Task brief:
The reply must consist of the lines from the first line of the records through the line containing "Jardinera retro AGGELOS, cerámica, apariencia", copied exactly, with every picture omitted.
Data shown section start
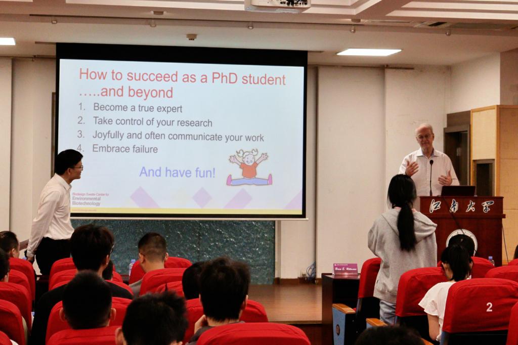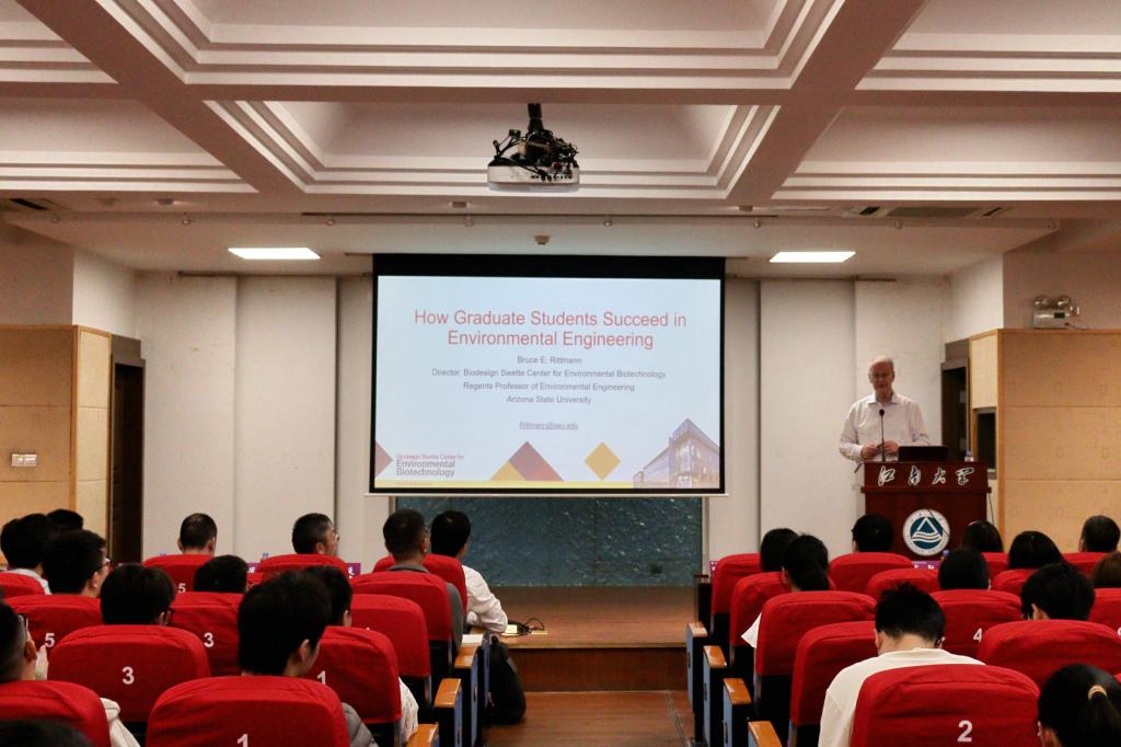 4月27日,应江南大学环境与生态学院邀请,美国国家工程院院士、亚利桑那州立大学 Bruce E. Rittmann 教授做客学院“金山-环境大讲堂”,在文浩馆205报告厅作题为How PhD Students Succeed in Environmental Engineering的学术报告。讲座由学院院长何锋教授主持,学院师生代表到场聆听交流。
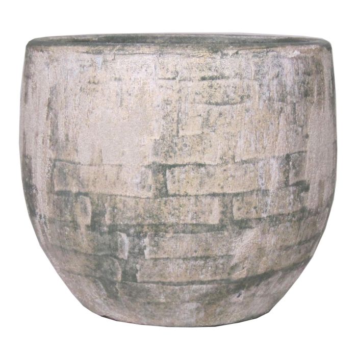 Jardinera retro AGGELOS, cerámica, apariencia de pared, verde-crema, 27cm, Ø29cm
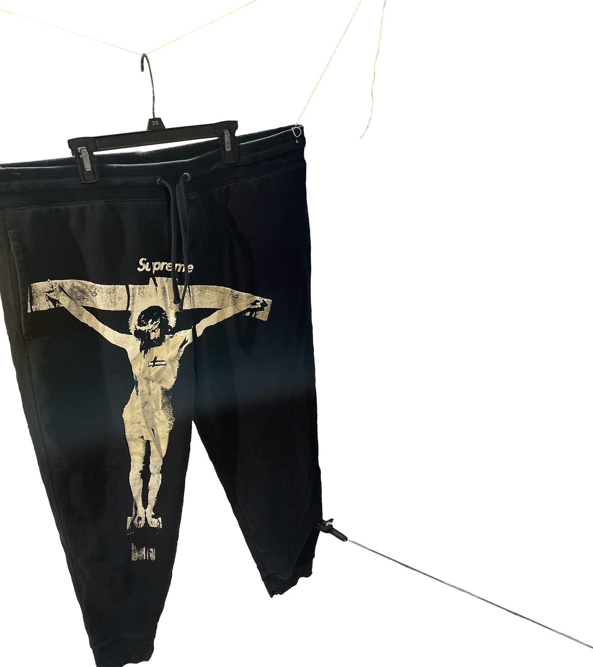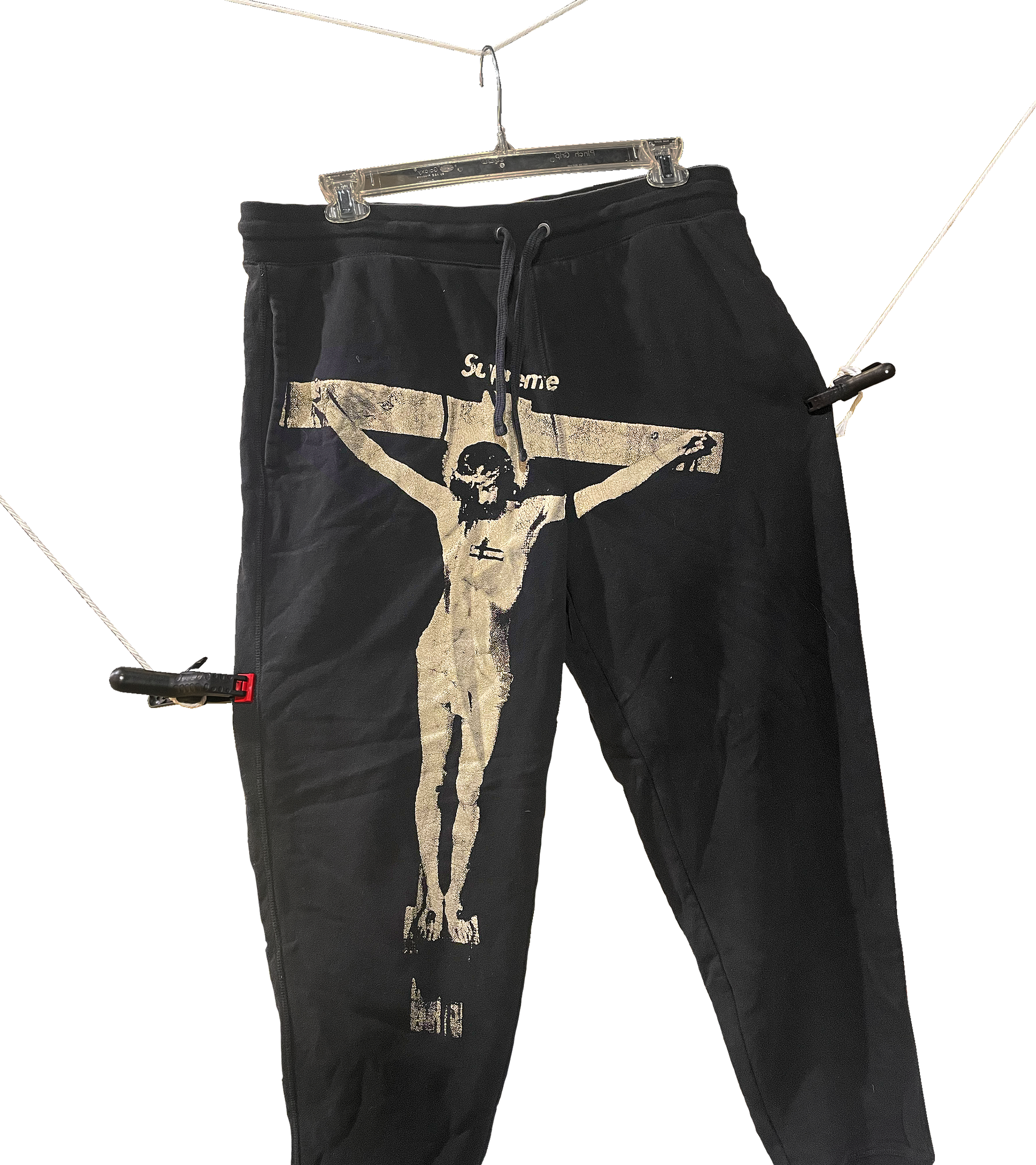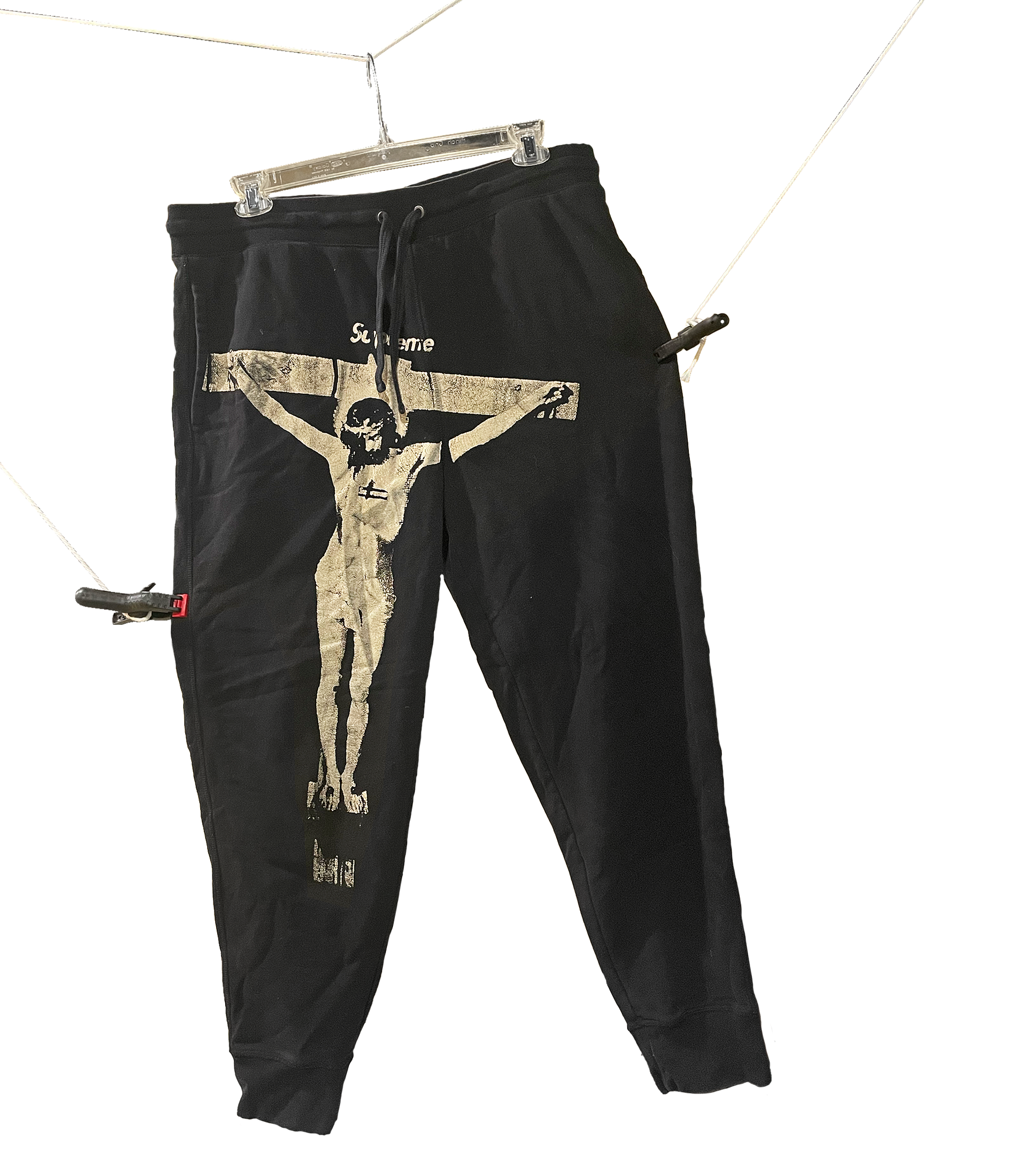 Hand printed vintage esque supreme jesus cream colored print on heavyweight sweatpants. Massive cracked and distressed crucifix print down the front side of pants. Super heavyweight high quality blank. Comes with a graysonfuckingsucks sticker and discount code.
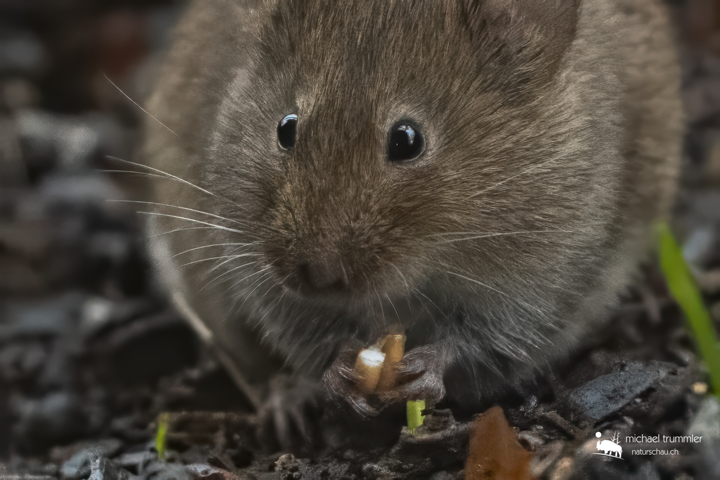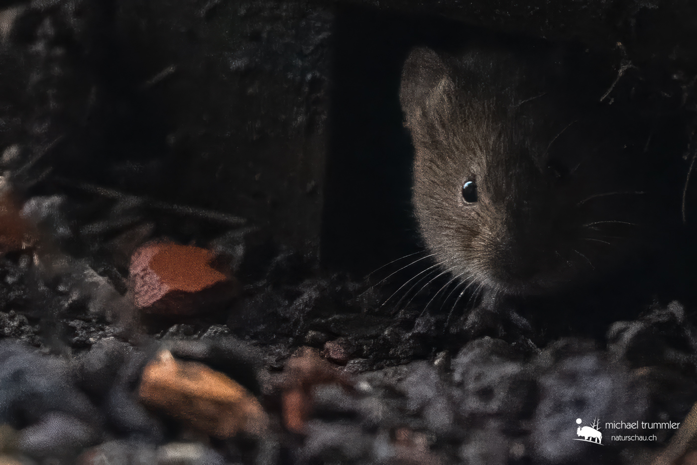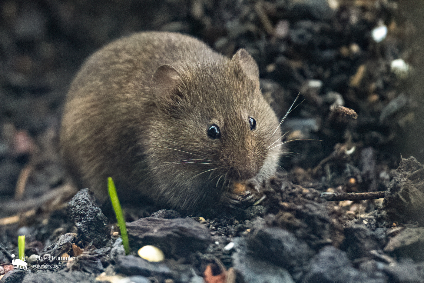Heute ist mein persönlicher „ Tag der Wühlmaus “. Dass mein Teichhügel von mindestens zwei Mäusen bewohnt ist, wusste ich ja schon lange, siehe auch die Nachtaufnahmen aus früheren Monaten. Inzwischen haben sich die mindestens zwei geschätzte 30 Ausgänge gegraben (ich bin ja gespannt, wie es innerhalb des Hügels aussieht), teils quer durch die Pflanzen durch. Mal sehen, was im Frühjahr noch wächst. Die Bergenien schieben jedenfalls die ersten grünen Blätter bereits aus dem Boden. Aber zurück zur Maus: Heute hatte ich ausgiebig Gelegenheit, die beiden zu beobachten. Leider waren sie nie nahe beisammen, so dass ich nicht beide in einem Bild zeigen kann. Die Maiskörner, die von der Futtersäule oberhalb herunterfallen, scheinen jedenfalls zu schmecken. Beide waren aber äusserst aufmerksam und verschwanden bei der geringsten Bewegung blitzartig in ihrem Gangsystem. Die Speziesidentifikation bleibt noch etwas im Ungefähren. Es dürfte sich aber ziemlich sicher um eine Wühlmausart handeln (leider gibt es davon etwa 150 verschiedene). Kucke ich die verschiedenen Bilder der Spezies an, denke ich am ehesten an eine Rötelmaus (Myodes glareolus). Früher dachte ich an eine Waldmaus (Apodemus sylvaticus), die Augen sind aber wohl doch zu klein, als dass es eine Waldmaus wäre.
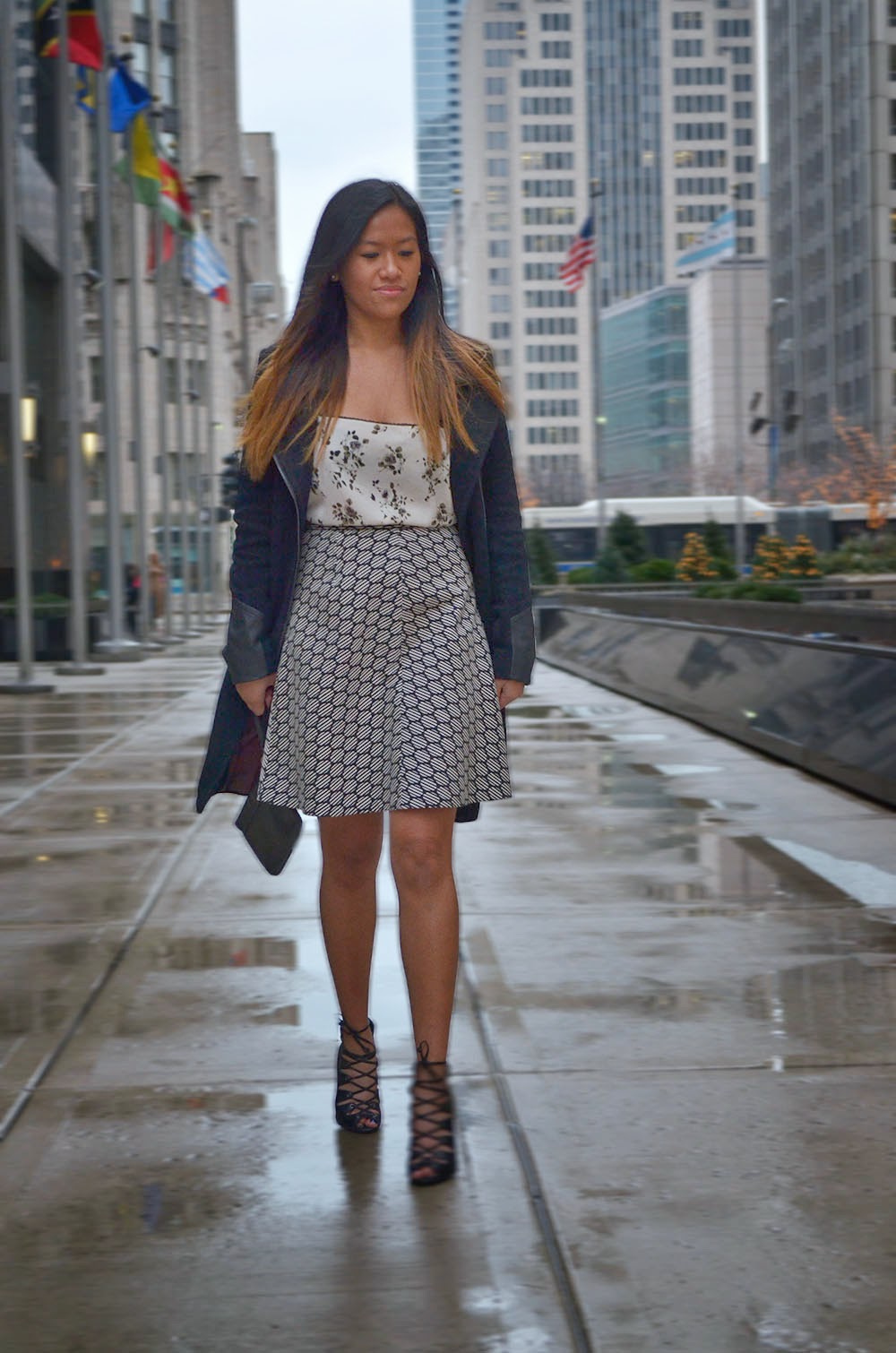 Hope you all had a wonderful Christmas! The other day I went shopping and came across this jacquard skirt from Zara and fell right in love with it. The skirt is perfect length for a classy, chic look. Instead of wearing a plain black top with it, I decided to pair it with my silk floral printed tank, and the two work lovely together!
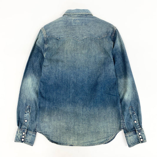 55h28 《美品》RALPH LAUREN RRL ラルフローレン ダブルアールエル 長袖シャツ デニムシャツ ウエスタンシャツ ロングスリーブ Sサイズ インディゴ メンズ 男性用k02i
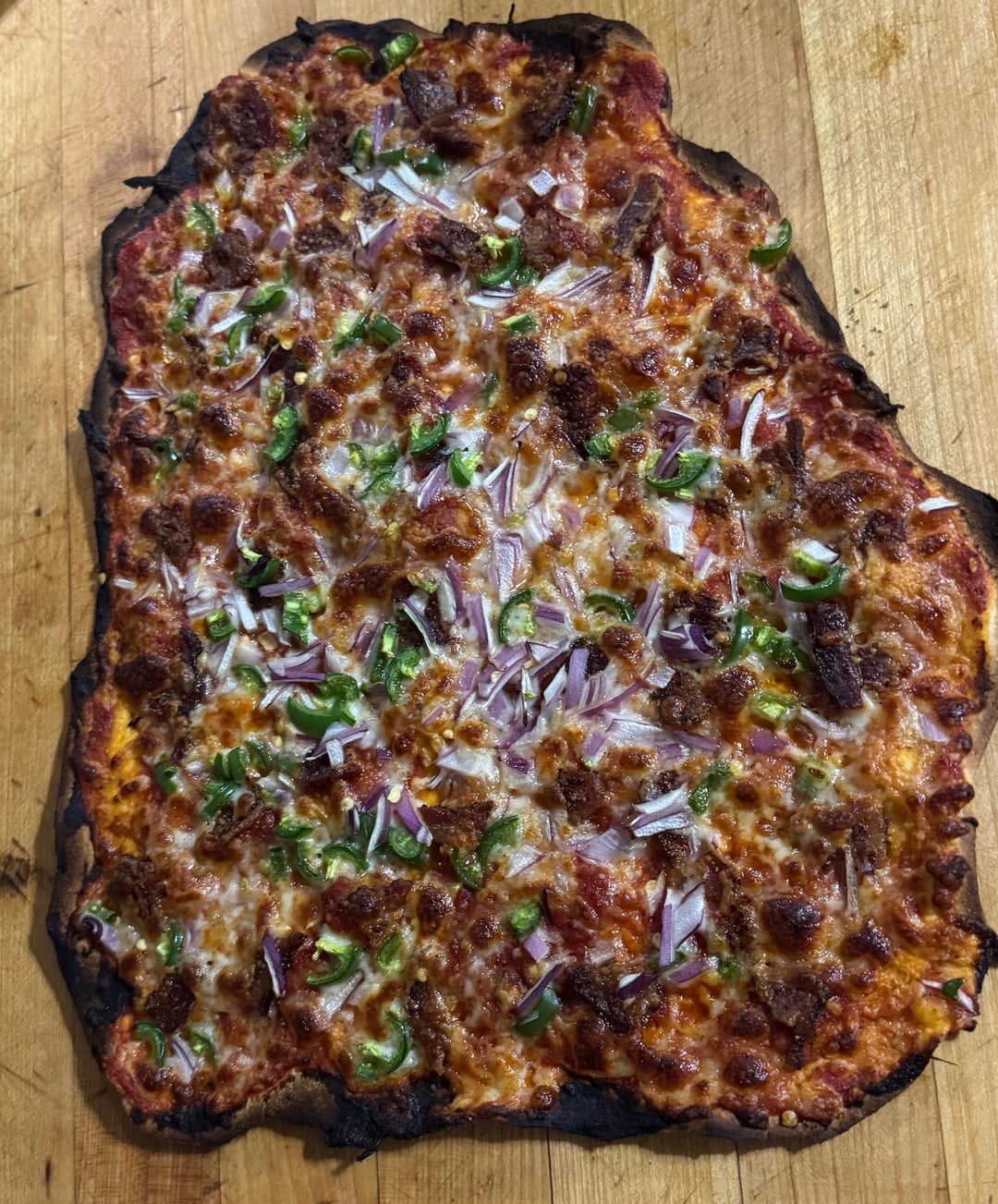 Chicago Tavern Pizza! One with bacon, red onions, and serranos, the other pepperoni, bacon, and Italian sausage. Cooked on a steel in a 500°F convection oven.by auto180sx NORMAL OVENpizza 7 Comments precariousIypoised 2 hours ago 10/10 will smash VeryStab1eGenius 2 hours ago Is it called a Chicago because it looks like it came out of the Chicago fire? ckepley80521 1 hour ago It’s not supposed to look like the shape of Chicago on a map. But A for effort. Would totally eat.https://preview.redd.it/0rqbdhstfrxg1.jpeg?width=316&format=pjpg&auto=webp&s=446b4d03d5b010d0aa35518684611af923a48615 MagazineDelicious151 1 hour ago A couple odd shaped taverns that look delicious Mobile_Aioli_6252 1 hour ago Shaped like Arkansas wes_harley02 1 hour ago Who is that staring at me in the 2nd pic. e_sin41 1 hour ago Shaped by your 5 year old?Write A CommentYou must be logged in to post a comment.
Data shown section end
Reply:
 4月27日,应江南大学环境与生态学院邀请,美国国家工程院院士、亚利桑那州立大学 Bruce E. Rittmann 教授做客学院“金山-环境大讲堂”,在文浩馆205报告厅作题为How PhD Students Succeed in Environmental Engineering的学术报告。讲座由学院院长何锋教授主持,学院师生代表到场聆听交流。
 Jardinera retro AGGELOS, cerámica, apariencia de pared, verde-crema, 27cm, Ø29cm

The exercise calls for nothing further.